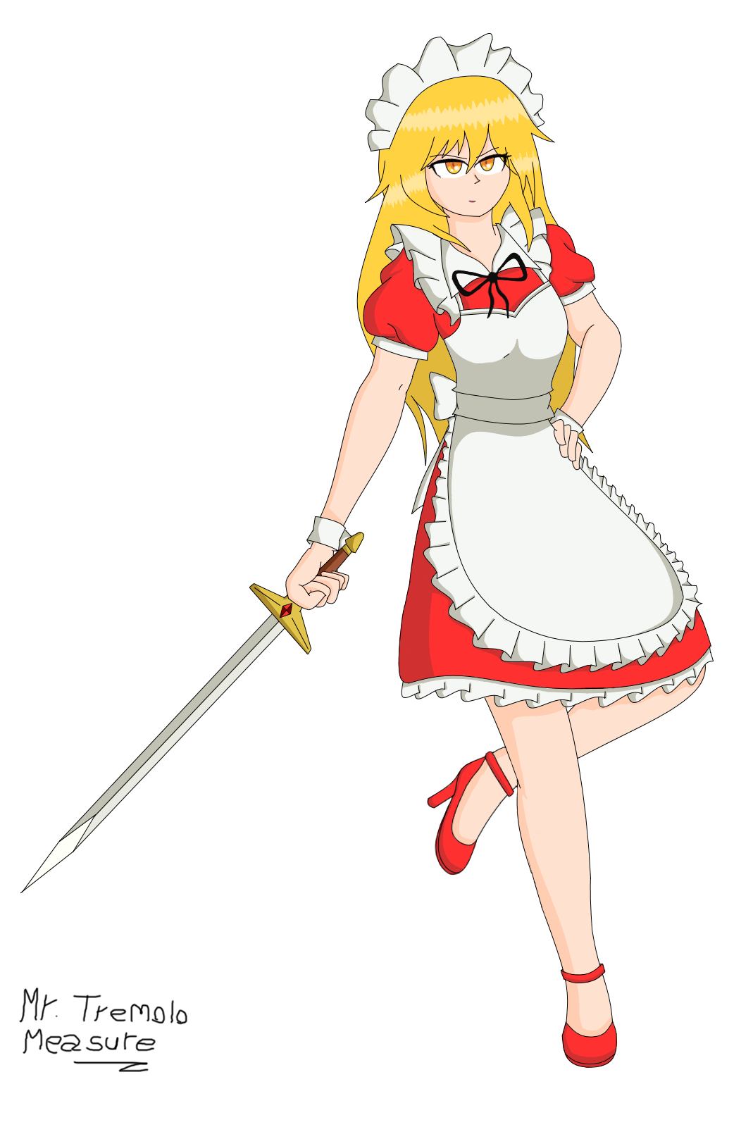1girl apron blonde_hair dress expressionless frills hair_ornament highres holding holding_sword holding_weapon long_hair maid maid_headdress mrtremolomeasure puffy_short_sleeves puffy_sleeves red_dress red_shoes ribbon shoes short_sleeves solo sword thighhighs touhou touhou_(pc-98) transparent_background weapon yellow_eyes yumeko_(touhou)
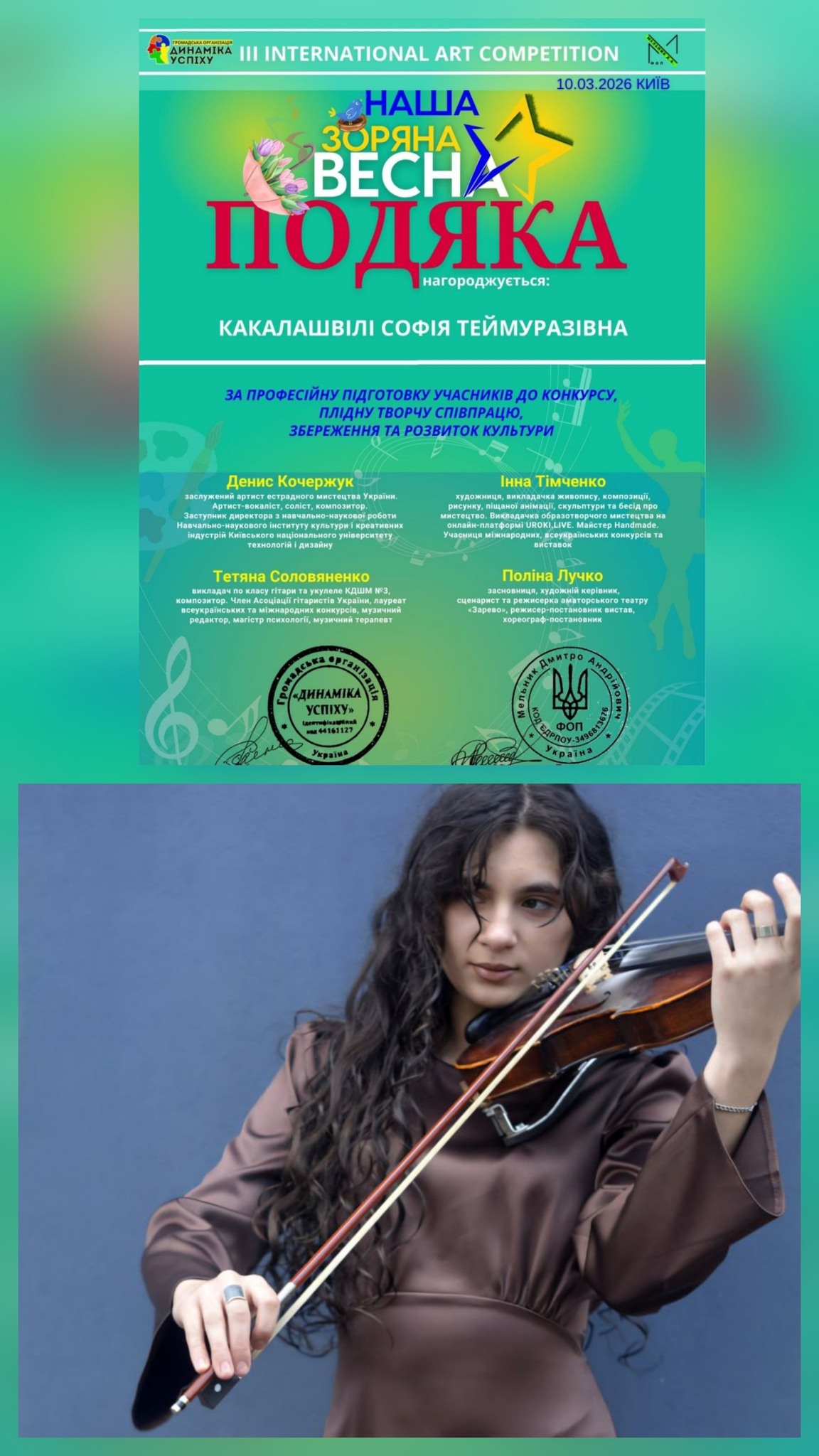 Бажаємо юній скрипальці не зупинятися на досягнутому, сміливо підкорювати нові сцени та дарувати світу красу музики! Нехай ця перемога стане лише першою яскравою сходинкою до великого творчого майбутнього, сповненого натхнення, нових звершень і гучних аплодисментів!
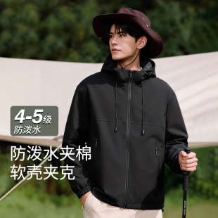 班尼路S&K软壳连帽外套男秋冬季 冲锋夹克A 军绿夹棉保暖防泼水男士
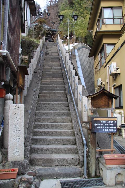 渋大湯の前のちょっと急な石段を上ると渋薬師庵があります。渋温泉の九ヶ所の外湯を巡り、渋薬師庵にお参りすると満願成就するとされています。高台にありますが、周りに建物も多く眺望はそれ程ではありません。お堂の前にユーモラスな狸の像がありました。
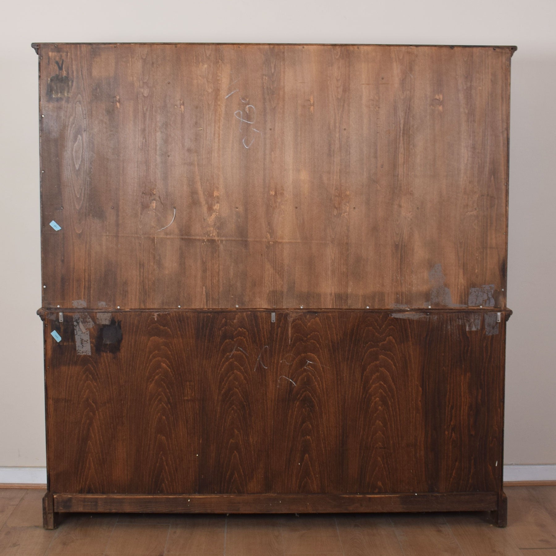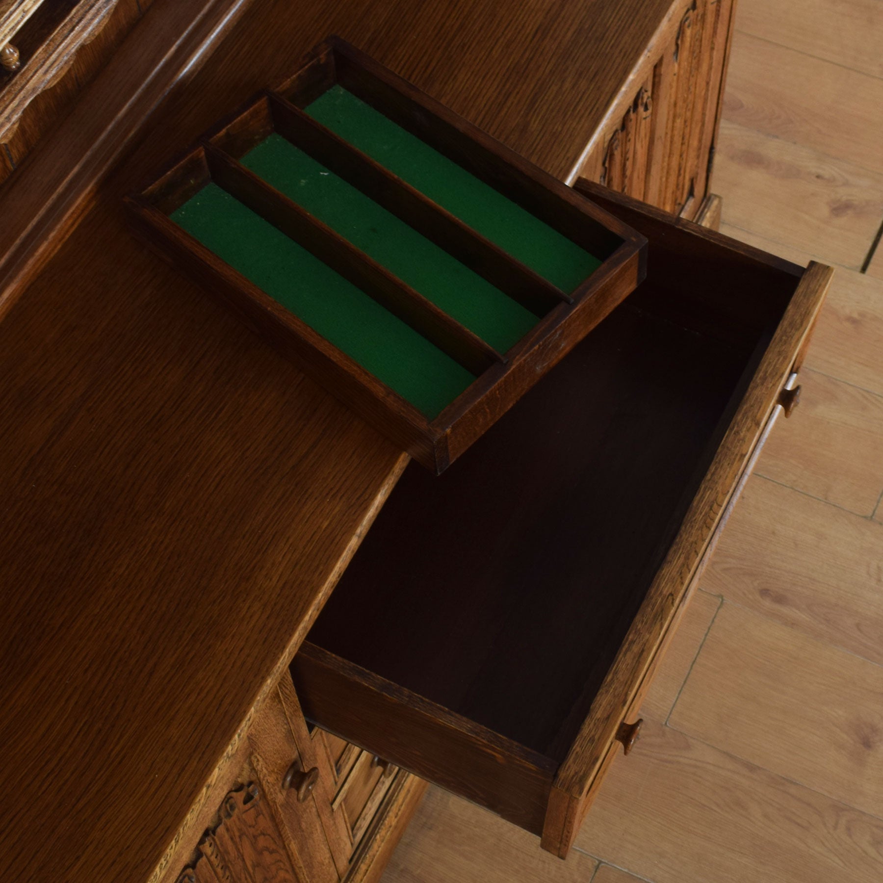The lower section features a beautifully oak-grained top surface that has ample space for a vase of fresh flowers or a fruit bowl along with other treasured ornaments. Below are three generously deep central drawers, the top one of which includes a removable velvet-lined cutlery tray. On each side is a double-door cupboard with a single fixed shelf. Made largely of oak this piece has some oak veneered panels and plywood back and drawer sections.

--

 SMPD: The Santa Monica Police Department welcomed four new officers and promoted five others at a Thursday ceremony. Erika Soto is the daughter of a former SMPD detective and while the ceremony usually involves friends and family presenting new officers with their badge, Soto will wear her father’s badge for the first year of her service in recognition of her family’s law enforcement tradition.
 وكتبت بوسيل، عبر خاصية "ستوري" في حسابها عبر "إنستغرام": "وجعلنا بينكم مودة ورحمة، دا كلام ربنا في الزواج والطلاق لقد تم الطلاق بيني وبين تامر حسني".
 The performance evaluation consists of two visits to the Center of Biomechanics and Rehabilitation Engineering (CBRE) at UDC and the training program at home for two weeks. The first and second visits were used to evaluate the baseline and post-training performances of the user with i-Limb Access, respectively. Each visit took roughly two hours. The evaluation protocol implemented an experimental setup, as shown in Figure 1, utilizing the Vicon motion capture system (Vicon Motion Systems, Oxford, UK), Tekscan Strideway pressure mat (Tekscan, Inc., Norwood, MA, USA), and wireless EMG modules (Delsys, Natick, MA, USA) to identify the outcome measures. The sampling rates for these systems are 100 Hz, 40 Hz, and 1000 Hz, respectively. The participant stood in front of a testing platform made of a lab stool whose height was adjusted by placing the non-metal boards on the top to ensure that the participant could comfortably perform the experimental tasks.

Problem> Using the data above, reproduce exactly the lines between those holding "SMPD: The Santa" and "وكتبت بوسيل، عبر", inclusive, and no others.

Written answer>
 SMPD: The Santa Monica Police Department welcomed four new officers and promoted five others at a Thursday ceremony. Erika Soto is the daughter of a former SMPD detective and while the ceremony usually involves friends and family presenting new officers with their badge, Soto will wear her father’s badge for the first year of her service in recognition of her family’s law enforcement tradition.
 وكتبت بوسيل، عبر خاصية "ستوري" في حسابها عبر "إنستغرام": "وجعلنا بينكم مودة ورحمة، دا كلام ربنا في الزواج والطلاق لقد تم الطلاق بيني وبين تامر حسني".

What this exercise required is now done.